10.24.2012

on being a woman

some time ago, a woman asked me

who is the most important woman in your life?

i thought long and hard. it was a challenge to sort through all the women in my life and decide which one had the most influence over me. and then it was obvious.

my mum, i said, because she has taught me everything i know about being a woman.

this response got me a cocked eyebrow and a somewhat cynical "hm"

i have never stopped fretting about that response.
it was the truth. the absolute truth.

maybe, i think, it is because i used the word woman so loosely.

what does it really mean to be a woman?

hell if i know.

but i do have a good sense of what it means to be a woman in my bloodline.

we are notoriously strong.
capable. and fiercely independant.
yet we walk a fine line of insecurity. constant wondering. constant worrying.
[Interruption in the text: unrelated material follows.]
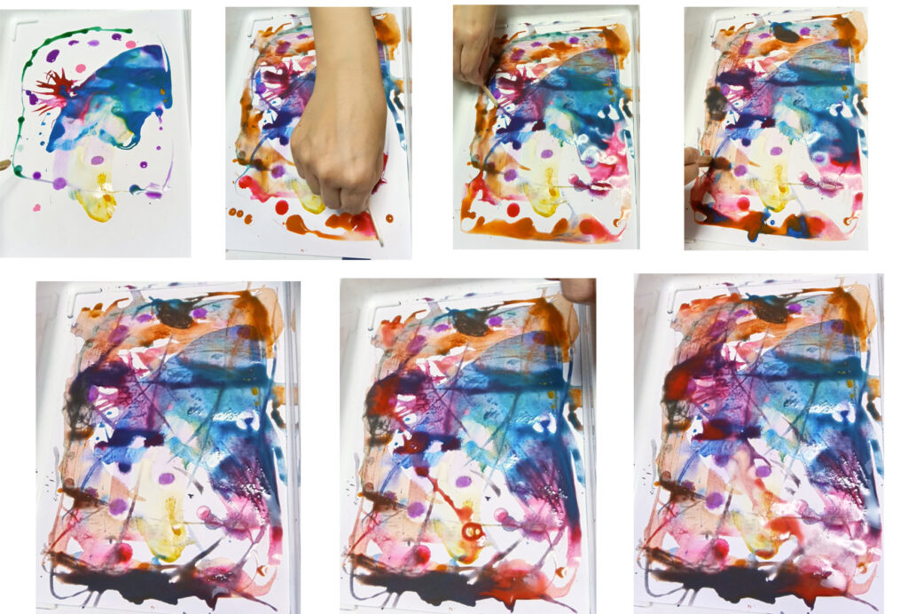 スポイトで色を置いていきます。何周目かで、Tくんが、とてもやりにくそうなのでした。困っているようなので、何か困ってる?なんでもいいから言ってみて?と、言いました。少しして、言いにくそうに、「何をしたらいいか、わからない。。」と言いました。ああ、そうか。そう言われることは、ときどきあります。
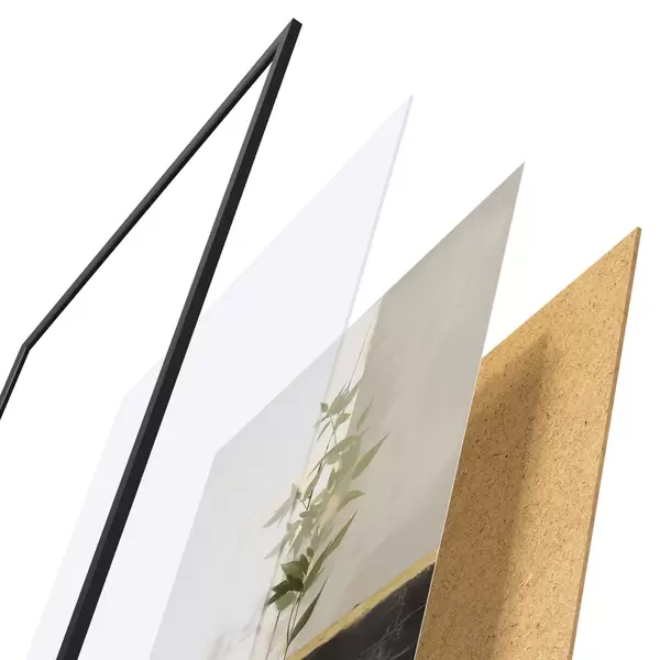 Le poster se compose d'un cadre, d'un plexiglas, d'une image imprimée et d'un support en aggloméré. Le poster peut être immédiatement accroché au mur grâce aux fixations au dos.

and this is where i found myself.
walking this fine line of capability and strong-willed to speak my mind
but scared shitless of what it would reveal about me.



too much?
i took a breath.
and i said it.

10.12.2012

a rock

i held a rock in the palm of my hand.
a rather unusual rock, it was round, smooth, chosen just for this sort of activity.
for some reason, this rock made me feel comfortable. which, in this context, translates into brave.
like i could say what i felt, and the rock would understand.
even if the other 30 people in the room could not.
the rock in the palm of my hand would understand.
maybe this rock would be friend. not foe.
i took a shot.

i start.

i have been thinking...
about the reprecussions of going to someone...a professional someone
and saying the words


i feel fat.


this person might look at me. might wonder what on earth i could be talking about.
they might judge me. they might send me on my way with a diet.
they might want to prescribe me pills.
these are all things i am not interested in. because i feel like it is unnecessary.

nay, it is just wrong.

to tell me it is my problem is to completely deny that it is, in fact, a sociological problem.
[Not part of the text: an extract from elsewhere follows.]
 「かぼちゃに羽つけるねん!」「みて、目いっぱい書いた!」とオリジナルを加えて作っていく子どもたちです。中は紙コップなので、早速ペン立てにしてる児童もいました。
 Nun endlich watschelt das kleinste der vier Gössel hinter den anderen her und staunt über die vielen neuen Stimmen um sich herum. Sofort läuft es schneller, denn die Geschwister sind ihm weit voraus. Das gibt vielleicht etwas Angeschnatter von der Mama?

in the lowest low, muddled with confusion and frustration, i confided in another woman

i feel weird. like..i'm fat? but...i'm not?

welcome to my life.

and that, that is the exact moment that i understood.
welcome to being a woman in today's society.
surely i knew this before, this delicate balance between fat and too terribly thin.
and how, as a woman, i was supposed to walk this line.
i did. i knew all of this.
but i did not know a spell of self-loathing would sweep me over in the way it did.
and knowing that myself, an advocate for beauty in all forms, had been duped into believing otherwise
was a guilt trip that hit me like a motherfucking freight train.
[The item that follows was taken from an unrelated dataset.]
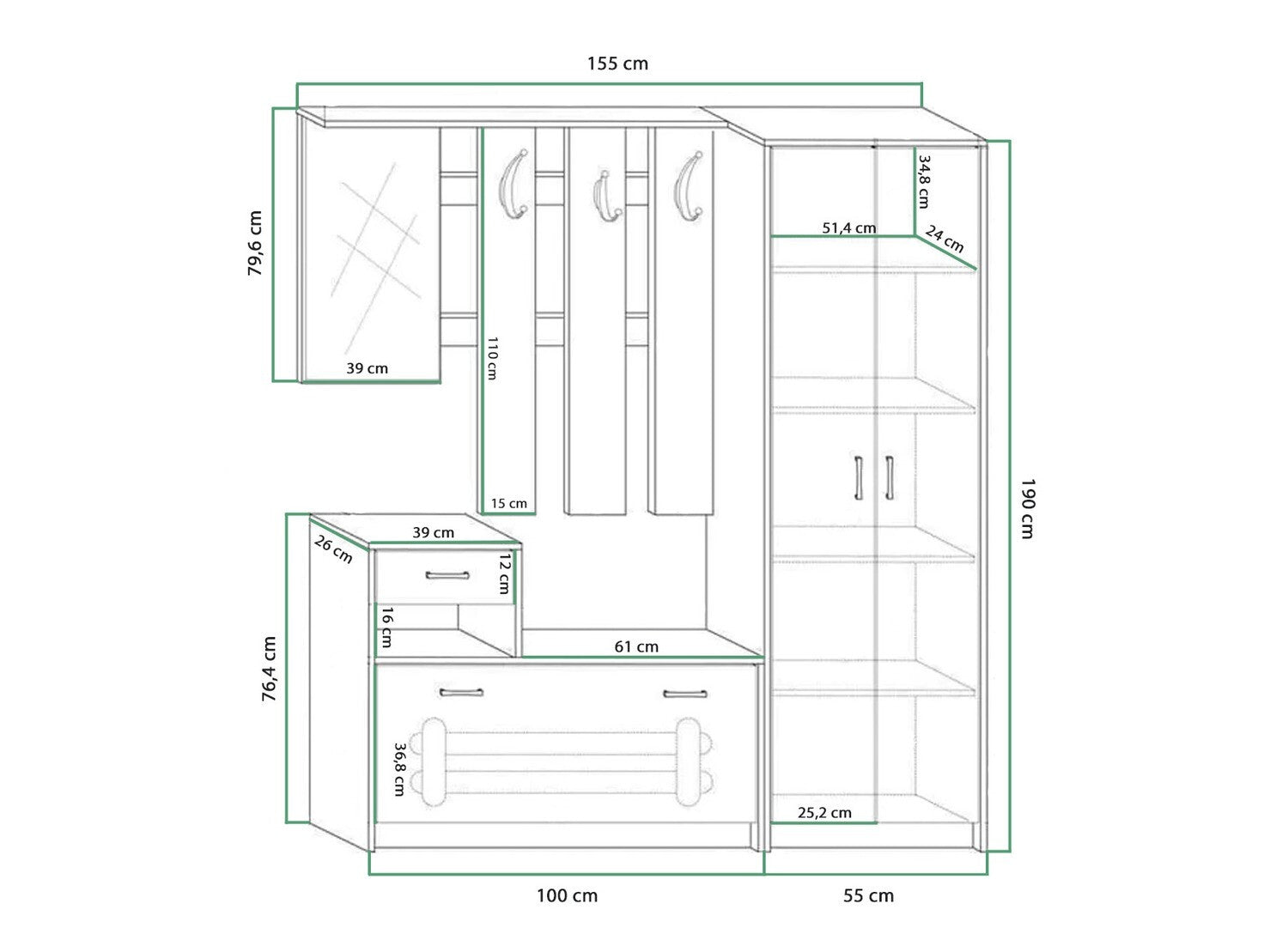 Dimensioner på garderobeskabe190 x 55 x 26 cm

the rock in my palm, i looked up. and i saw women on the brink of blinking a tear.

aye, they get it.

it was the very same look i had when i discovered that my four year old cousin feels fat.
she is four. and ashamed of her body.
i swallowed back tears. hard. and i silently vouched to change it.
change it all.
i would not play this game.
i would not give in. or give up.
and, someday, young girls everywhere
will love love love this thing we call a body.